昨年の実生苗作りは、2012年2月9日に投稿した「バラの種ばら播き」をご覧ください。

もうひとつの目的は「バラの交配」をやってみたいという希望があるからです。バラの交配は今後勉強したい技術テーマですが、そのためにはできたタネから苗を作る方法を学ぶ必要があります。交配は花粉をメシベに付けるだけですから難しいことのようには思えませんが、いざ実際にやってみると花粉親や受粉親の開花時期の問題もあり、品種によってはシベの形状しだいで作業が難しかったりして簡単なことではありません。苦労して結実させた実を播種技術の未熟さ故にダメにしたくはありませんから、実生苗を確実に作る技術は重要です。

今年のバラの播種の準備作業は1月19日(土)の午前中に、バラサークル有志8名がそらの家に集まって実施しました。

準備したバラの実(ローズヒップ)です。バラサークルメンバーが用意してくれたものがあり、またこれに追加してS先輩が数種類を持参してくれました。

ビニール袋がノイバラの実です。今年は12月と1月初旬に採取し6℃で冷蔵保存しました。

ノイバラ(ロサ・ムルティフローラ)は、亜種や台木用に品種改良されたものがあるらしく、トゲや根張り具合が微妙に異なるものがあります。バラ苗生産農家さんは、やはり数種類のノイバラを、接ぎ木する品種によって使い分けるのだそうですが、私にはそのような高度な知識や技術はありません。畑には3〜4種類植えていますが、その中から特に根の生育が良いものを選びました。

作業自体は簡単で、実を潰して中からタネを取り出します。細かな作業なので、メンバーのみなさんは集中して根気よく作業を進めました。

猿渡先輩は、みなさんの作業を見ながら効率的な方法はないか考えてあるようでしたが、知恵者の先輩をしても、タネと果皮を選り分けるのはそう簡単ではないようです。

みなさんの作業を見守る

プロの現場では、台の上に実をぶちまけて麺棒で押しつぶし、タネも果肉も果皮もゴミも一緒くたにバケツに入れて、それを水で洗いながら選別していくのだそうですが、肝心のその「選別方法」の情報がありません。「水に入れて比重で選別する」というのは誰でも思いつく方法なんですが、これでは不可能です、たぶん。理由は・・・。興味のある方はお試しください。

10リットルバケツにいっぱい入れられた真っ白な(印象)ノイバラのタネの写真を、デービッドさんから見せてもらったことがあります。たぶん10万粒もあるのでしょうか、あの量をどうやって作業するのでしょう? 何か賢い方法があるに違いありません。

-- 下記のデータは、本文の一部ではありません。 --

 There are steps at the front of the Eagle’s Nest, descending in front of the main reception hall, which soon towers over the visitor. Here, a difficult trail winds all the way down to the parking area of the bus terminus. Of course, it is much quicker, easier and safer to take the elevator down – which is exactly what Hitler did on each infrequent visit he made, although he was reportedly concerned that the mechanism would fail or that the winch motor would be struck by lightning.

今年はローズヒップの量も昨年よりは少なく、参加2回目のメンバーもあって、作業そのものは1時間ほどで終わりました。みなさん、ご協力ありがとうございました。

午後、みなさんが帰られた後で

おちびさんたちには楽しいお手伝い、私には厄介な作業が残っています。

熟したノイバラの実は柔らかくなっていますから、こどもの指でも簡単に潰せます。果肉は水の中でトマトジュースみたいに分離しますので、これはザルで濾せば簡単に除去できます。

厄介な作業とは、タネと一緒に残っている果皮や繊維をピンセットで選別しながら、タネの周りに残っている「発芽抑制物質」を洗い流す作業です。それがあると水が僅かに赤みを帯びますから、タネが白くなり、水も無色透明になるまで、私の場合2、3日間は水を交換し続けます。

注意:果皮や果肉の赤い色素が「発芽抑制物質」そのものであるのかどうかは知りません。
品種あるいは成熟度によるのでしょうか、大粒のタネには「薄皮」が付いているものがあります。これも発芽を抑制するのかも。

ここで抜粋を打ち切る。